Rangers were left to fly Scotland's flag in Europe after Hibs fell to a well-drilled Dnipro side at the Meteor Stadium in Dnipropetrovsk.
Hibs dominated for long stages of the game but were punished for slack defending at crucial times and the final scoreline flattered the Ukrainians.
After a goalless first leg, Tony Mowbray showed enterprise by including Garry O'Connor, Derek Riordan and Ivan Sproule in his starting line-up.
But the Edinburgh side made the worst possible start when they lost a goal after only 28 seconds.
A poor defensive header from David Murphy fell to Serhiy Nazarenko at the edge of the area and his left-foot volley took a deflection off Guillaume Beuzelin to beat Zbigniew Malkowski.

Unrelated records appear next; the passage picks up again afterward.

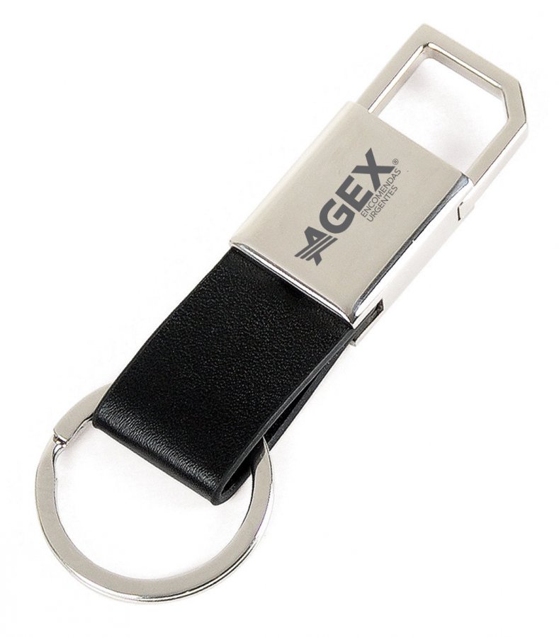 • Descrição: Chaveiro confeccionado em metal cromado brilhante e material sintético preto, é estilo mosquetão, possui argola com Ø 3,2cm e está acomodado em uma embalagem interna aveludada e caixa kraft com tampa fechada em cordão elástico preto para presente.
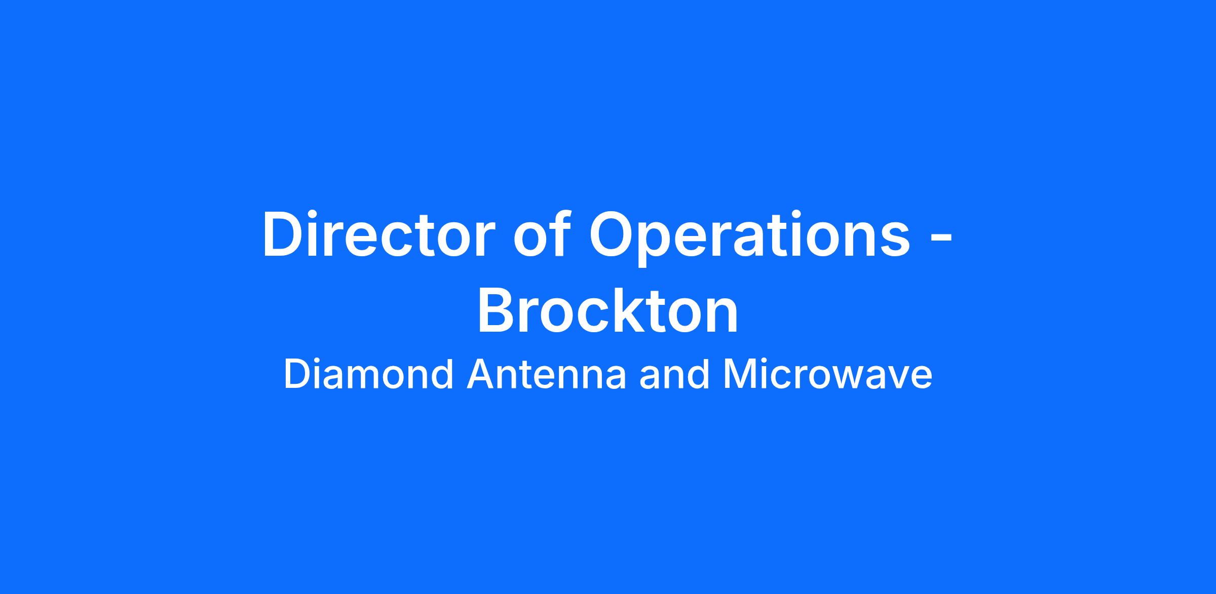Diamond Antenna and Microwave Corporation is seeking a hands on Director of Operations at its Antenna Associates, Inc., Brockton, MA location to lead all aspects of our manufacturing operations in our small but rapidly growing manufacturing environment. This role is responsible for driving operational excellence, ensuring product quality, managing budgets and fostering a culture of continuous improvements. The ideal candidate will have strong leadership skills, deep manufacturing experience in complex builds, and a proven track record of delivering results.
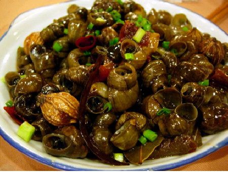 婺源炒螺丝:因为婺源境内河、溪水质优良,没有工业污染,所产之螺丝,质地高出田螺一筹,但比田螺个小些。肉青白细嫩,且无泥腥气。

Hibs hit back and Riordan beat the offside trap and was clean through on Artem Kusliy, but the goalkeeper managed to spread himself to send the ball past for a corner.

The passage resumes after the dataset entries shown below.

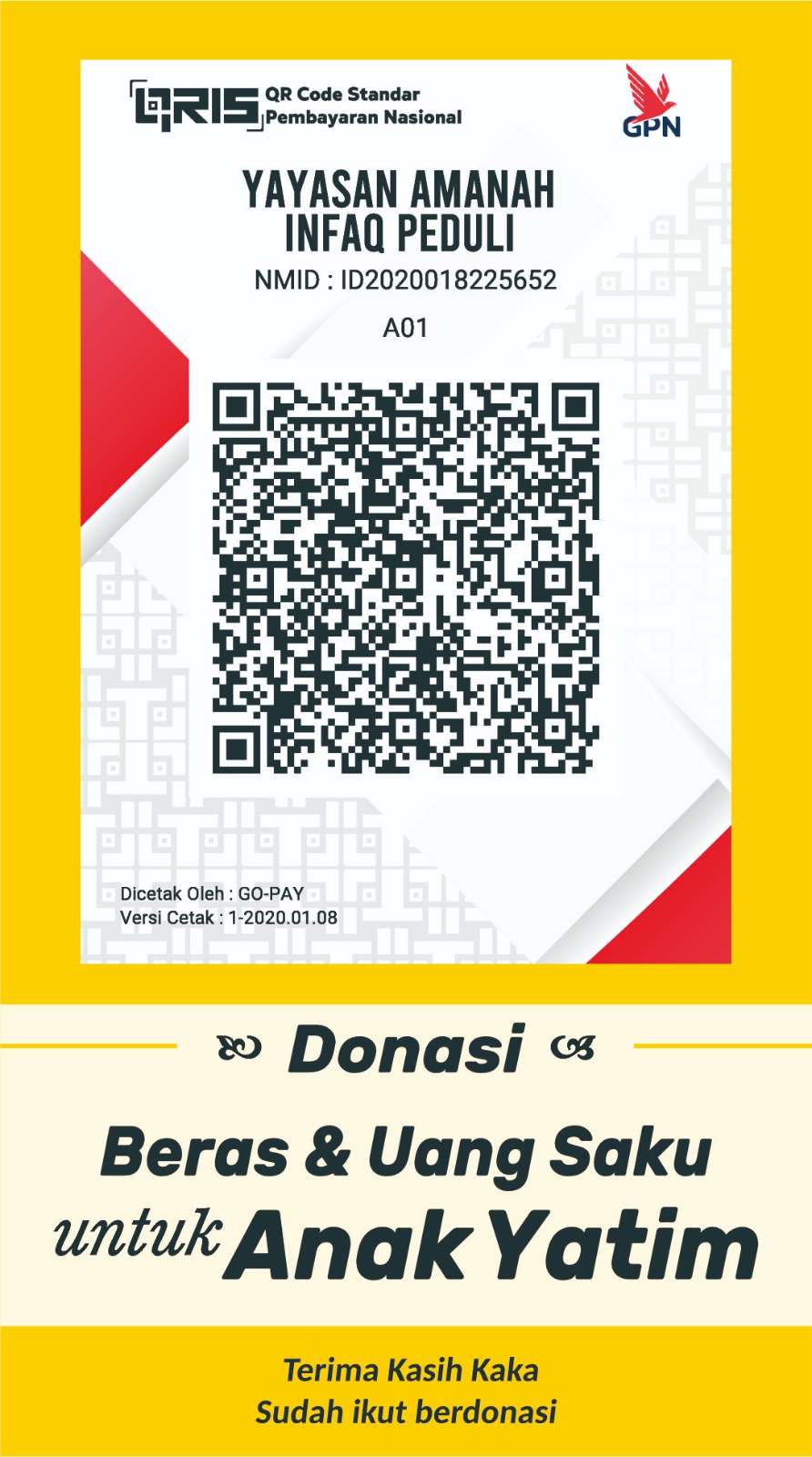 Yayasan Amanah Infaq Peduli sudah kami sampaikan ke Ustadz Reza Sudrajat,
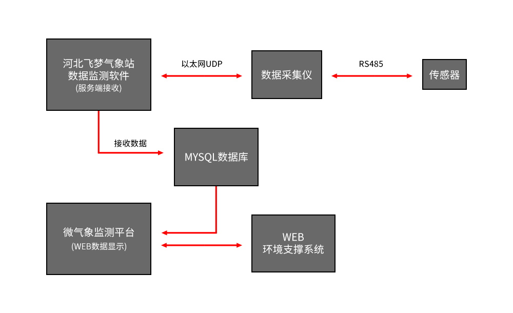 飛夢(mèng)交通氣象智能預(yù)警系統(tǒng)方案由傳感器系統(tǒng)、采集系統(tǒng)、供電系統(tǒng)、通訊系統(tǒng)、外圍設(shè)備等硬件配合相應(yīng)的采集軟件、數(shù)據(jù)處理分析軟件、中心站組網(wǎng)軟件構(gòu)成。對(duì)公路、鐵路沿線的風(fēng)向風(fēng)速、氣溫、濕度、雨量、能見(jiàn)度、路面狀況(路面和路基溫度、路面干濕程度、積水厚度、雪深等))等進(jìn)行自動(dòng)監(jiān)測(cè),并將監(jiān)測(cè)信息及時(shí)傳送到監(jiān)控中心。
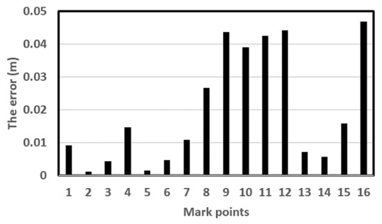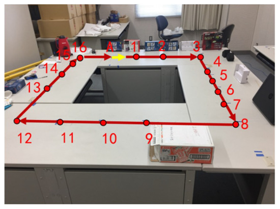 Then, we conducted an experiment to test our system’s accuracy in a larger environment. We planned a new, measured route, as shown in Figure 11. The camera moved in a clockwise loop through 16 marked points, we randomly put a few objects around the route to generate a sparse space, plus, no objects are put around points 9–12. Point A was the starting point. The first 10 cm from A to B was used for map initialization. Using continuous tracking and mapping, we obtained the distance between point A and every marked point. We measured the ground truth using a laser rangefinder. The final errors for every marked point using our method are shown in Table 1 and Figure 12. As seen in Table 1, the accuracy of marked points (8–12) decreased compared to the other points. The reason is that we set few trackable features around these marked points to simulate a sparse environment. Our proposed method is based on full-view images. It uses the features from every direction, so this had only a small influence on our system. However, limited-view based methods, such as PTAM [1], immediately failed to track at these points because of a limited view with few features. The result shows that our method tracked in a sparse environment, and that the accuracy of our method was sufficient. The average error was 0.02 m.
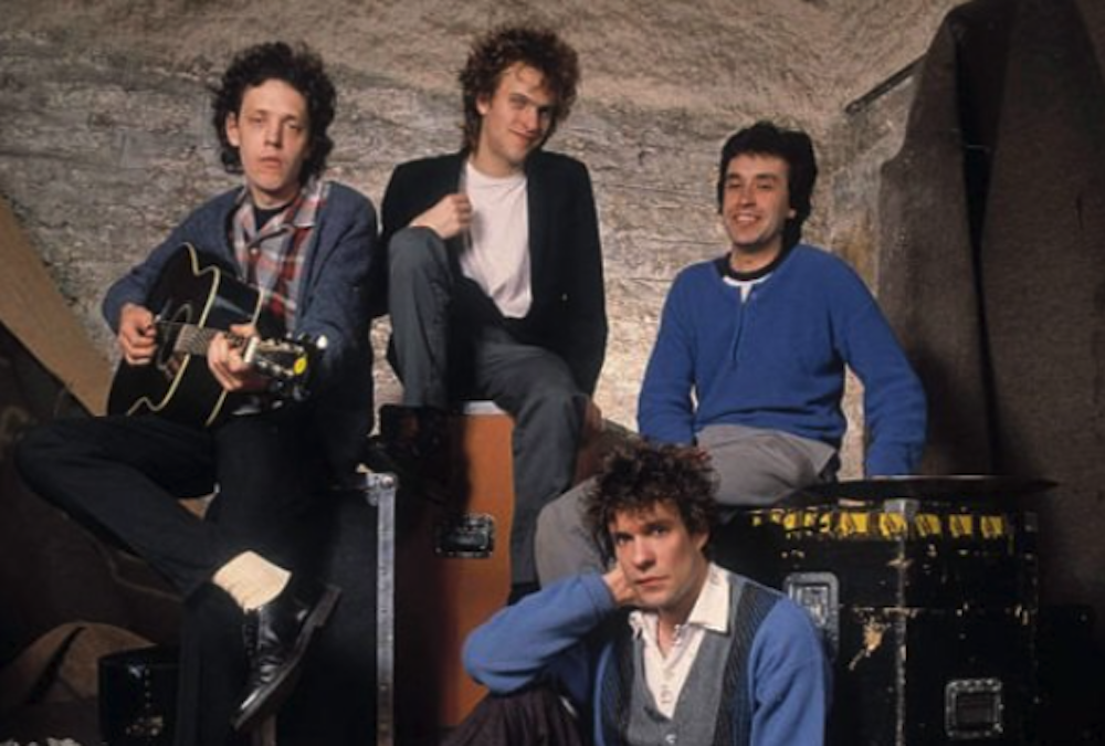 American rock band The Replacements in a 1984 publicity photo taken by Laura Levine. Left to right: Bob Stinson (lead guitar), Tommy Stinson (bass guitar), Chris Mars (drums), and Paul Westerberg (vocals & guitar).
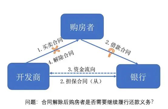 通过三方签订的合同可以分析,涉及买卖合同以及贷款(担保)合同双重法律关系。从合同内容来看,在商品房买卖合同中,购房者支付房款,开发商交付房屋;在商品房担保贷款合同中,银行将购房者所贷款项直接支付给开发商,开发商实际用款。从始至终该贷款均未经过购房者账户,购房者并不支配贷款,购房者基于对未来案涉房屋的期待,每月偿付贷款本息。如果案涉合同正常履行,购房者取得房屋,开发商缓解资金压力,银行赚取利息,三方均实现各自利益,皆大欢喜。

The move encouraged Hibs and they equalised after 24 minutes when Riordan was allowed too much space to bring down Gary Caldwell's through pass and hooked the ball past Kusliy.
But Dnipro were back in front within two minutes when Hibs failed to deal with a corner and Bohdan Shershun slammed the ball home after Malkowski had saved his initial header.

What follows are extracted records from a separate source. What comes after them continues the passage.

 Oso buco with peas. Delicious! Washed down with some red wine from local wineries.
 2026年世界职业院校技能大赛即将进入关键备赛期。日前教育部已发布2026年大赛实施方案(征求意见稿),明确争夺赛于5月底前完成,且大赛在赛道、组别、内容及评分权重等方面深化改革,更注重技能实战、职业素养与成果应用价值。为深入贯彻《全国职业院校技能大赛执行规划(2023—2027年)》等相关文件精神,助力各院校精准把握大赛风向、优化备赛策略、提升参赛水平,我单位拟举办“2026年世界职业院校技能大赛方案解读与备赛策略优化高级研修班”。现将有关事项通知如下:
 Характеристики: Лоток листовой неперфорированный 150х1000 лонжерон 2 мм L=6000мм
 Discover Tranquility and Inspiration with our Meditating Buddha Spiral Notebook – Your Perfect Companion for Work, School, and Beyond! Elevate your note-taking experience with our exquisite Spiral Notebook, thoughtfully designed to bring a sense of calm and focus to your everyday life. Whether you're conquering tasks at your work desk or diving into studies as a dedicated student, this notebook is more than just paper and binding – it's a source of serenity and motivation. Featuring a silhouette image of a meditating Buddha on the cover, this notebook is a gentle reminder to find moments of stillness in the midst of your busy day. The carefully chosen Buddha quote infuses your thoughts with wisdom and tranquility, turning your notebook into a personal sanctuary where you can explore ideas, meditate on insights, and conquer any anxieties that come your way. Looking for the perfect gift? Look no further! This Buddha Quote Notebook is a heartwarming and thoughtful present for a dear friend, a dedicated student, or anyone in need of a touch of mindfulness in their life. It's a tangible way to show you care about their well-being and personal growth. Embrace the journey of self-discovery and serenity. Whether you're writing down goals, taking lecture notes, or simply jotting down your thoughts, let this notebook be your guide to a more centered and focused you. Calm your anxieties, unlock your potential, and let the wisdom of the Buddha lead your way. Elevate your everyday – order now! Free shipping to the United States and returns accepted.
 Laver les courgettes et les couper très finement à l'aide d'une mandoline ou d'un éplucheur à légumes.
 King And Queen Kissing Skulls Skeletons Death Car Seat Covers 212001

Worse was to follow when Dnipro were awarded a soft penalty after Chris Hogg made a naive challenge on Sergei Kornilenko.
Oleh Shelayev made no mistake as he sent Malkowski the wrong way with the spot-kick to put the hosts 3-1 ahead.
It was a wounding blow for Hibs who had taken the game to Dnipro for much of the half but been punished for untidy defending.
The Scottish side dominated the second half but found it hard to break down a Dnipro side content to defend in depth and hit on the break.
Hibs had the ball in the net through Caldwell after 58 minutes but the linesman ruled it offside.
A mistake by Hogg at the other end gave Kornilenko a glimpse of goal but he sliced his shot well wide.
Riordan missed a great chance ten minutes from time when he side-footed wide from six yards after a low cross from Steven Fletcher.
Substitute Olexandr Melashchenko settled it beyond any doubt when he cracked in a fourth from a pass from man-of-the-match Nazarenko and then added a fifth in injury-time with a left-foot volley.